A hydrogel is a three-dimensional network of hydrophilic polymers that can inflate in water. Hydrogel contains a high volume of water while being structurally stable, primarily due to the chemical or physical cross-linking of individual polymer chains. Hydrogels have a high degree of elasticity due to their high water content, and the hydrophilic groups (-NH2, -COOH, -OH, -CONH2, -CONH -, and -SO3H) contribute to the network's hydrophilicity.
Hydrogels undergo a significant volume phase change or gel-sol phase transition in reaction to specific physical and chemical stimuli (temperature, electric and magnetic fields, solvent composition, light intensity, and pressure). However, in most situations, such conformational shifts are reversible, and the hydrogels can revert to their initial configuration as soon as the trigger is withdrawn.
Hydrogels are synthesized using a monomer, a cross-linking chemical, and specific reaction conditions. Based on the methods of synthetization, hydrogels may be classified as a copolymer, semi-interpenetrating network (semi-IPN) homopolymer, and interpenetrating network (IPN).

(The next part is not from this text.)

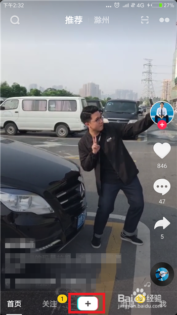 抖音红包雨视频可以直接在抖音中拍出,在首页中点击【+】按钮筹办录制视频。

Homopolymers have only one type of monomer in their structure and, based on the monomer's nature and the polymerization process, they may have a cross-linked structure. Copolymeric hydrogels are monomers, and at least one monomer in copolymeric hydrogels is hydrophilic.
Types of Hydrogels
Hydrogels are primarily classified as biochemical hydrogel, physical hydrogel, or chemical hydrogel and can also be classified based upon preparation, source, response, and physical properties. Physical hydrogels change in response to physical stimuli, chemical hydrogels utilize covalent bonding to change in response to stimuli, and biochemical hydrogels respond to enzymes or biochemical reactions.
Standard hydrogels are classified as pH-sensitive hydrogels, temperature-sensitive hydrogels, electro-sensitive hydrogels, and light-responsive hydrogels. In the presence of an applied electric field, electro-sensitive hydrogels shrink or swell.

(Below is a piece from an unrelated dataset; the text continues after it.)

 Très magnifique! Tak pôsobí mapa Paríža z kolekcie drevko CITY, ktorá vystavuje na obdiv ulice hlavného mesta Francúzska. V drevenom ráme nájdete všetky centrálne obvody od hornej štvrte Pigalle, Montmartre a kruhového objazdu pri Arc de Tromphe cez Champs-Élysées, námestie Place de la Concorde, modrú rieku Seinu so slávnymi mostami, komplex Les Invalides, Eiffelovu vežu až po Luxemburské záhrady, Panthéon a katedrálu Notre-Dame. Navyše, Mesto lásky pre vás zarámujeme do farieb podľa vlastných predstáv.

When photo-responsive hydrogels are exposed to the appropriate wavelength of light, their characteristics change, due to light-induced structural alterations of specific functional groups in the polymer backbone or side chains. Temperature-sensitive hydrogels (thermogels) are aqueous monomer/polymer solutions that can form a gel when exposed to heat and have a slightly hydrophobic characteristic due to the presence of groups (methyl, ethyl, and propyl).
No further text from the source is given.